In the entries below, begin at the line that has "Tire repair with", stop after the line that has "Новые наушники беспроводной", and output those lines exactly with no pictures.

[Data excerpts]
···

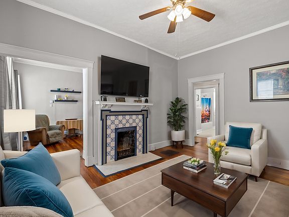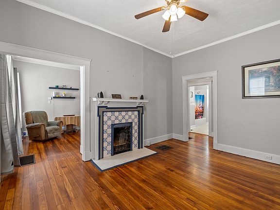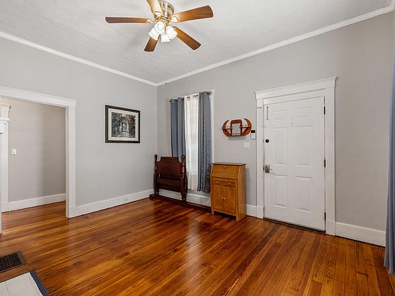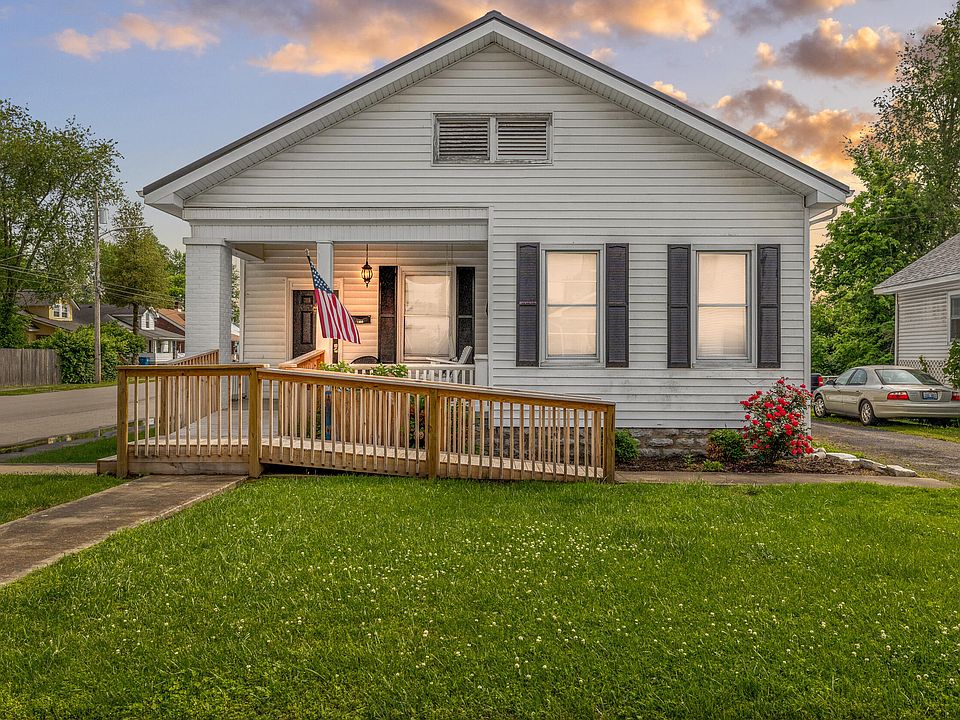 Discover the charm of downtown Danville living in this inviting 4BR/2BA ranch home nestled on a corner lot. Step onto the deep covered front porch and into the welcoming foyer, where hardwood floors lead you through a traditional floorplan. The den area seamlessly transitions into the spacious living room, adorned with high ceilings. Two well-proportioned BR's with hardwood floors flank a renovated BA, while the 4th BR offers versatility and could be used a playroom or convenient office space. Not to be overlooked, a massive private primary suite with its own BA, offering a peaceful retreat.
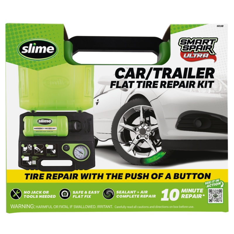 Tire repair with the push of a button!Stop struggling with a spare tire, or waiting for roadside assistance.Slime’s Smart Spair Ultra Flat Tire Repair Kitquickly and easily gets you back on the road in just 10 minutes! Thisreliable tire repair solution instantly repairs car and trailer tires, keeping you and your loved ones safe in a flat tire emergency.
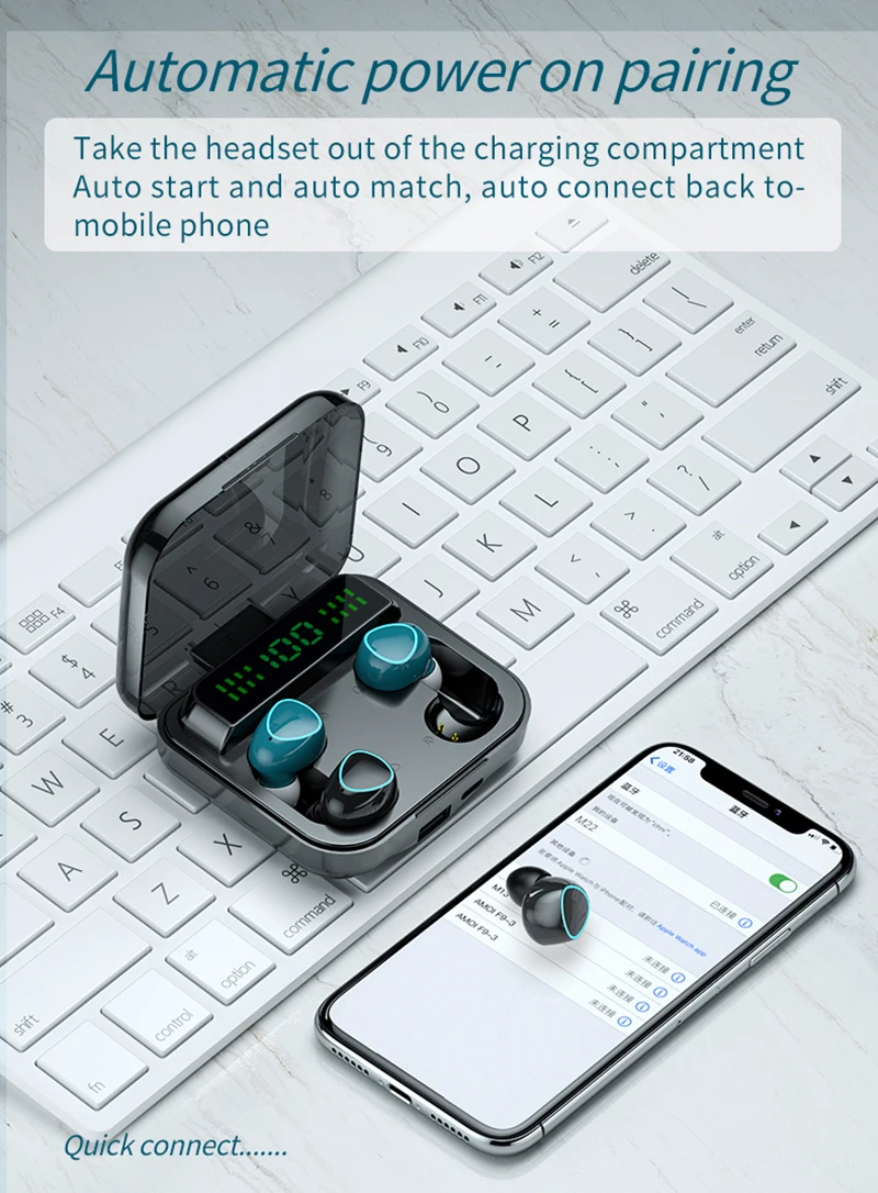 Новые наушники беспроводной TWS с умным цифровым дисплеем совместимые с Bluetooth беспроводные наушники стерео -вкладыши HIFI водонепроницаемые спортивные наушники для пар телефон
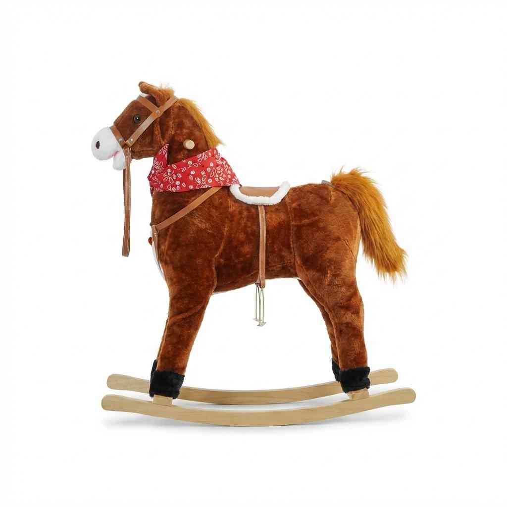 A classic and beautifully designed rocking horse with a soft plush body and sturdy wooden base, inspired by the western cowboy style. It features a comfortable saddle, reins, and a stable rocking frame that helps children enjoy safe and smooth riding. The soft fabric and friendly horse face make it perfect for toddlers and young kids, encouraging imaginative play and developing balance and coordination.
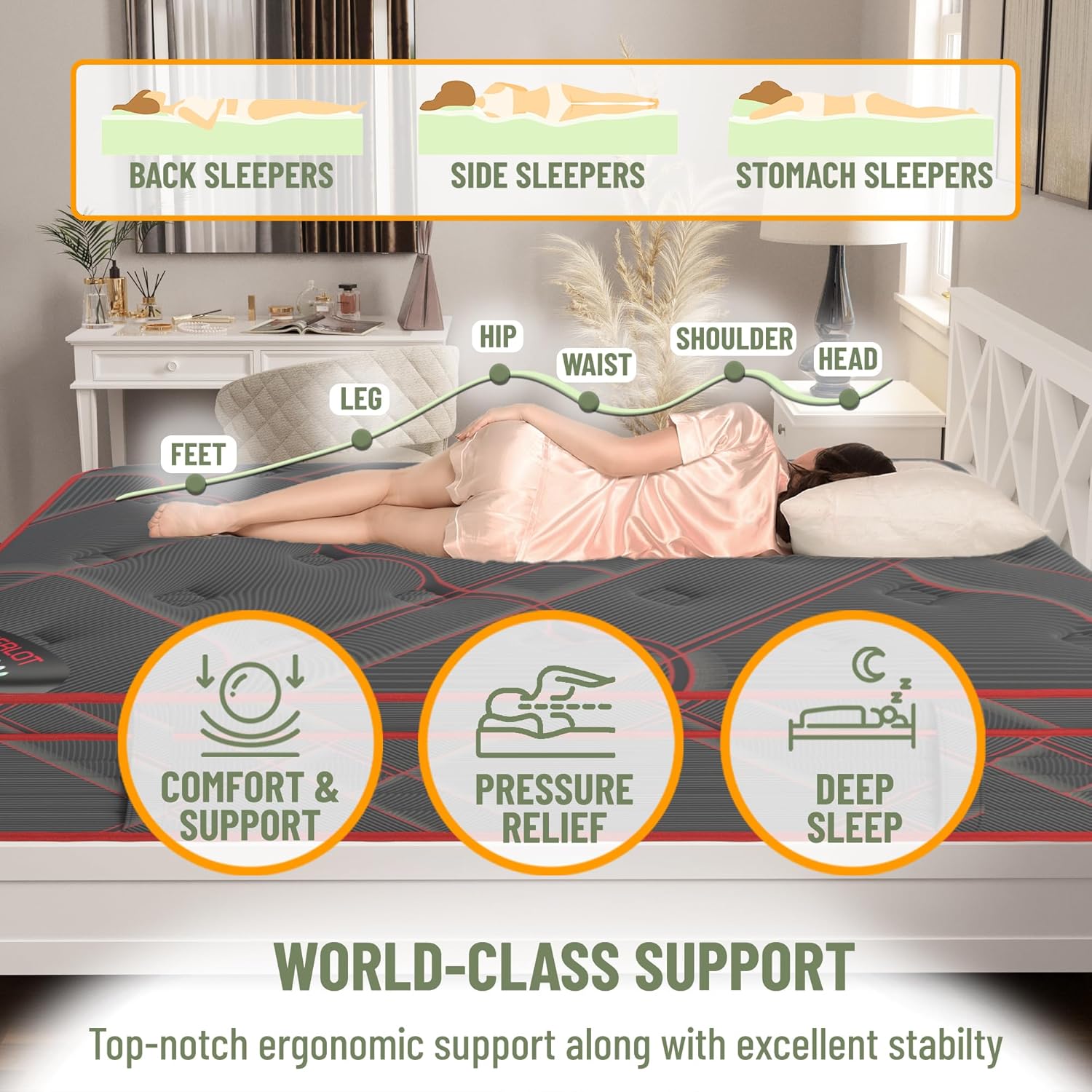 Our Ottopedic Mattresses combine high quality materials in traditional stores with onlineshopping advantages like convenience and costeffectiveness. A good night's sleep is key to wake up fresh and relaxed. Durably engineered with comfort in mind, this mattress will provide you the dream sleep and best rest. With just the right amount of support and cushioning, this mattress relieves pain and stress in pressure points, on your head, neck, hips, lower back and spine while eliminating motion transfer thanks to sumptuous layers. And it is perfect for your individual body shape. Quilted with highquality breathable fabric which is strong, light, and soft, this mattress allows ample airflow and regulates temperature keeping the sleep surface cool and comfortable.
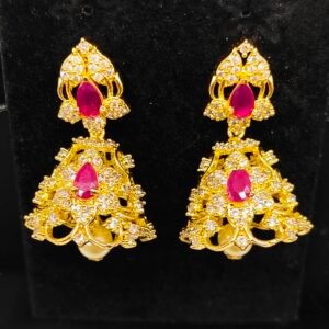1 gram gold cz ruby stone star floral jhumkas
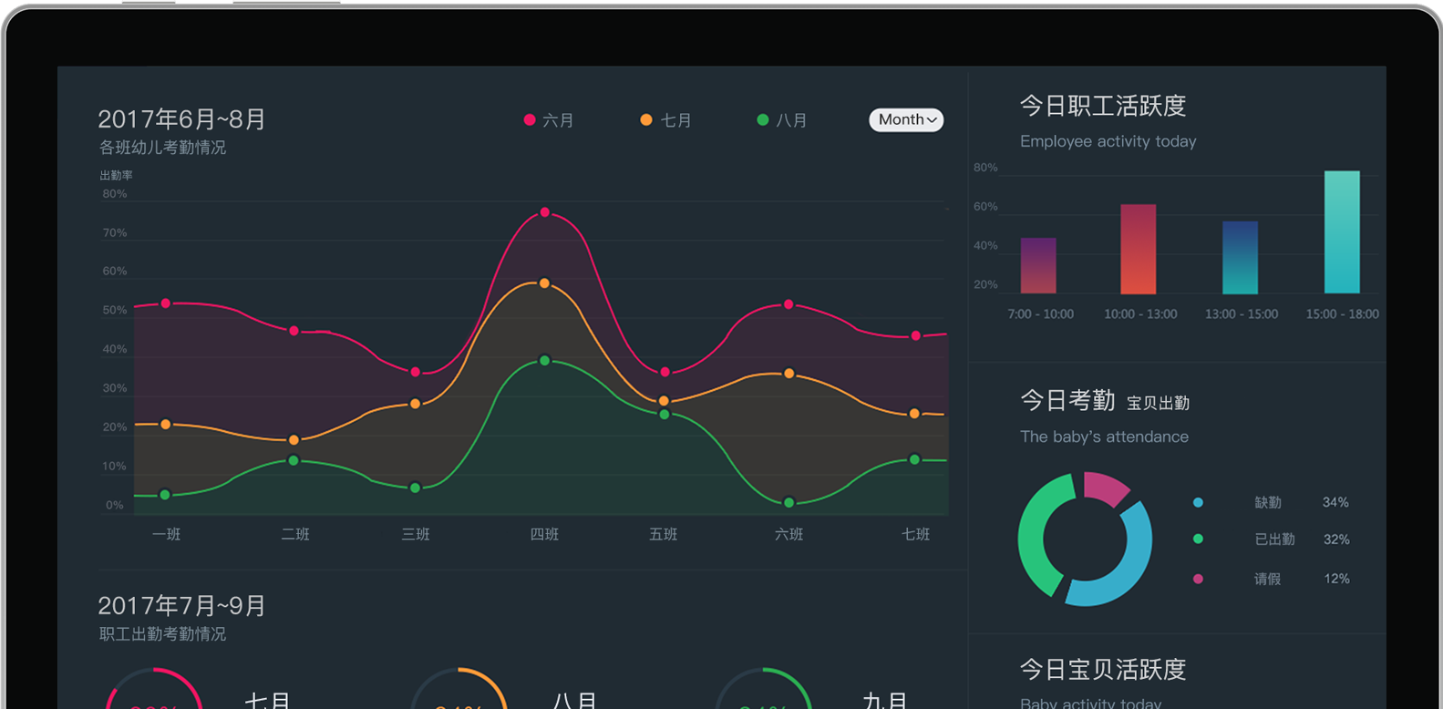 告别手工算账,通过智能硬件自动获取到每一位小朋友的考勤,并通过大数据分析系统自动计算出每一位小朋友详细费用,极大的节省了时间和人力。
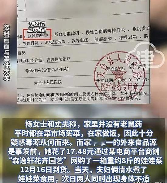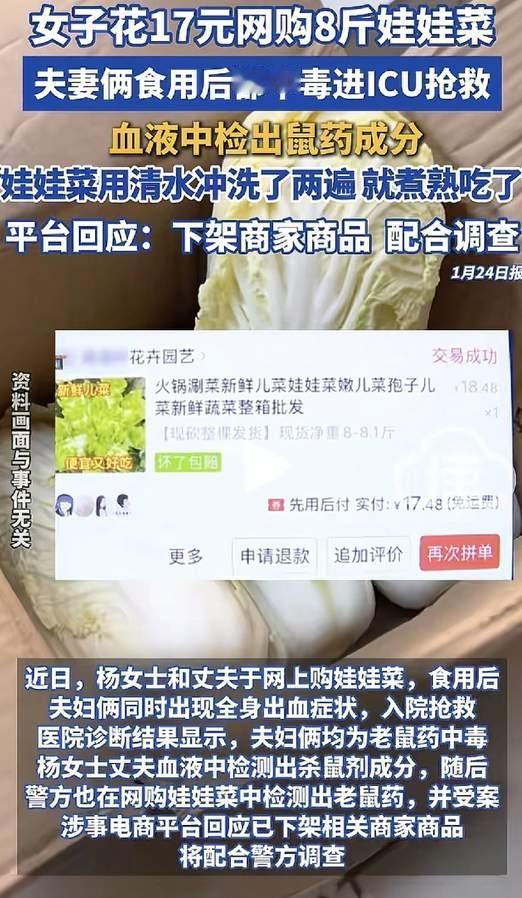 网购17块钱娃娃菜,两口子吃出“全身喷血”!这商家是想干啥嘛? 浙江天台这对夫妻,就因为煮了一盘网购的娃娃菜,第二天直接“血崩”!鼻子嘴巴像拧开的水龙头,血止不住地往外飙,血管干瘪得连医生都抽不出一滴血! 不可思议哇,这17块4毛8的菜里,竟然藏着剧毒鼠药(溴鼠灵)? 好家伙 警方一查,这毒竟然是商家“送”的!为了省那几分钱包装费,这缺德玩意儿竟然用沾了老鼠药的旧报纸包菜!“这是把顾客当老鼠毒啊? 出事前杨女士去质问商家,对方还嘴硬得像茅坑里的臭石头:“仓库地里都没老鼠药,你别想讹我!” 结果现在人进了ICU,商家立马注销店铺、连夜跑路,玩起了人间蒸发! 哎为了蝇头小利,差点害死人! 这种黑心商家真该好好查查了,不然谁敢放心吃放心买是不是火爆娃娃菜 。还有平台也是该查查该改改都不能马虎,得行动起来才行,这可是人命关天的大事啊。 蔬菜水果中毒

···

ANSWER FOR THIS EXERCISE:
 Tire repair with the push of a button!Stop struggling with a spare tire, or waiting for roadside assistance.Slime’s Smart Spair Ultra Flat Tire Repair Kitquickly and easily gets you back on the road in just 10 minutes! Thisreliable tire repair solution instantly repairs car and trailer tires, keeping you and your loved ones safe in a flat tire emergency.
 Новые наушники беспроводной TWS с умным цифровым дисплеем совместимые с Bluetooth беспроводные наушники стерео -вкладыши HIFI водонепроницаемые спортивные наушники для пар телефон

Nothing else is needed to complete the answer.